What is being asked :: With pictures left out, retype the lines from the start of the records through the one that contains "Style: Casual Occasion: Daily Material: Polyester,Spandex".

----- Records shown

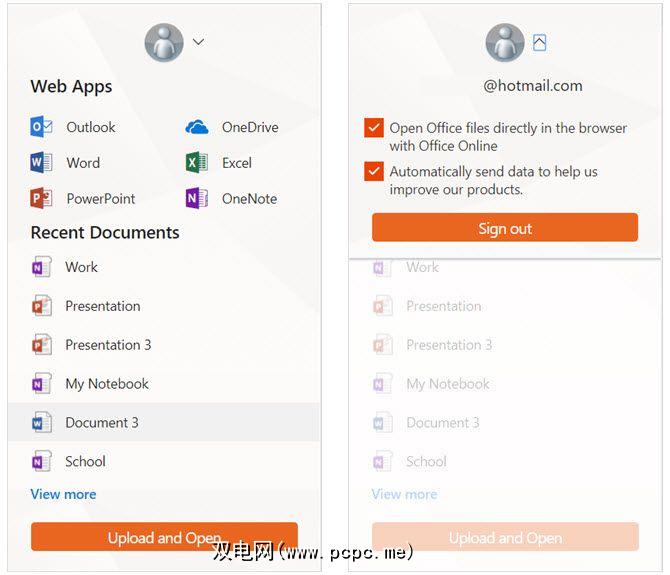 单击工具栏按钮,然后选择要打开的Web应用程序。您还可以查看近期文档的列表,或者上传并打开一个新文档。请注意,第一次使用扩展程序时,必须使用Microsoft帐户登录。而且,您可以通过单击个人资料图片旁边顶部的箭头来退出扩展程序。
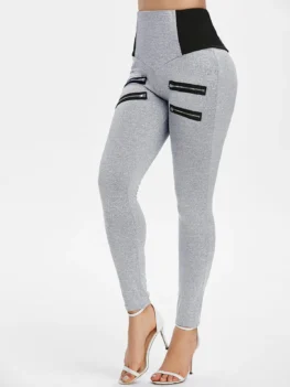 Style: Casual Occasion: Daily Material: Polyester,Spandex Waist Type: High Pattern Type: Patchwork Embellishment: Zipper Length: Full Season: Fall,Spring Weight: 0.2800kg Package Contents: 1 x Leggings
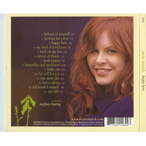 Unlike any of these, however, Suzie remains an undiscovered gem – well overdue the savoring of her just desserts. She’s worked tirelessly throughout her career to create the record that is destined to turn heads, to thrust her onto the world stage. Happy Here hereby moves Suzie from the passenger’s chair to the driver’s seat as she brings all her skills and seasoned confidence to bear on the mission ahead. Produced by Stephen Fearing, Happy Here is a masterwork and – creatively – a clearly defined mark-in- the-sand. Whether she’s cooing like Dusty through the positively sublime "Believe In Yourself " or purring alongside Paul Reddick on the hook-rich "Looking For A Kiss", Suzie declares ownership of the turf. From the drop-dead, quintessential Vinnick song – and title track, with its pedal steel and percussive rhythm, Suzie simply soars above each exotic mix. Fearing pulls out all the stops to tastefully embellish that crystalline voice to redefine her rootsy blend through use of harp, strings, horns, accordion, mandolin and guitar as required. Case in point – "My Kind of Loneliness " – as perfect a song and as blissful an arrangement as has ever come together on a Canadian recording. Vinnick’s songwriting has been acknowledged with several high profile awards over the years but her hand is clearly involved in each of the fourteen tracks found here.
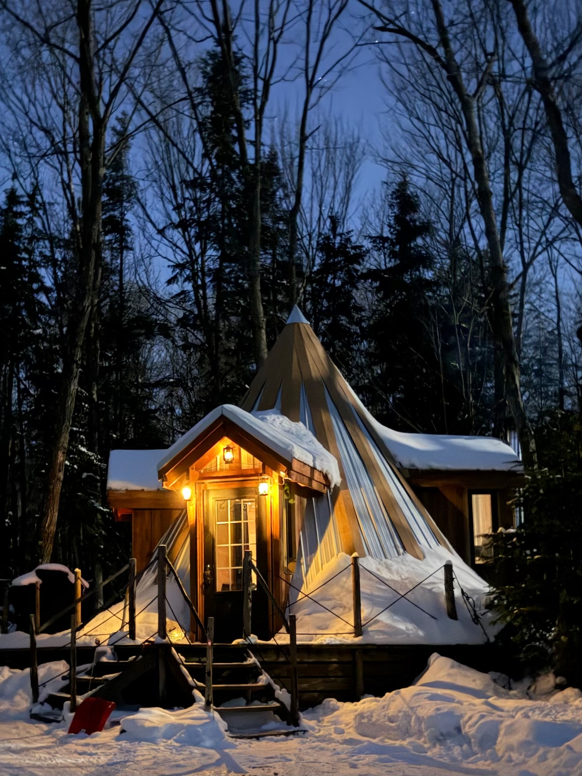 Tipi forestier en bois dans l’érablière
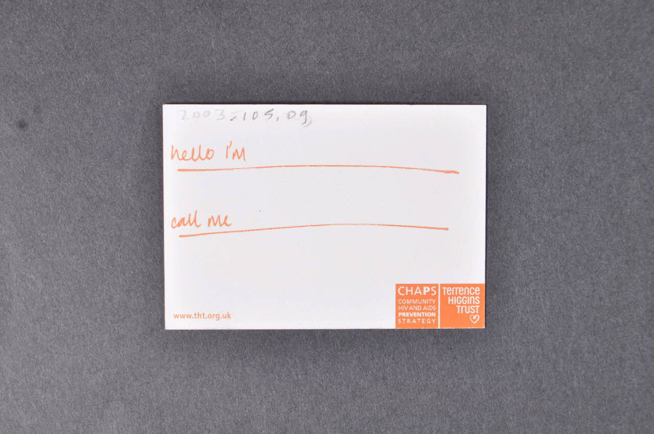 Au recto, on peut voir une photo de graffiti brun sur fond de décor de toilettes (tuyau rouillé, papier toilettes...). Au verso, en italiques brunes sur fond crème se trouvent des mots en anglais suivis de traits afin qu'on laisse ses coordonnées. Cette carte était laissée à portée des gens dans les bars pour laisser son adresse. Il s'agit d'une campagne spécifique pour les hommes homosexuels.Inscriptions

----------

Solution to the problem ::
 单击工具栏按钮,然后选择要打开的Web应用程序。您还可以查看近期文档的列表,或者上传并打开一个新文档。请注意,第一次使用扩展程序时,必须使用Microsoft帐户登录。而且,您可以通过单击个人资料图片旁边顶部的箭头来退出扩展程序。
 Style: Casual Occasion: Daily Material: Polyester,Spandex Waist Type: High Pattern Type: Patchwork Embellishment: Zipper Length: Full Season: Fall,Spring Weight: 0.2800kg Package Contents: 1 x Leggings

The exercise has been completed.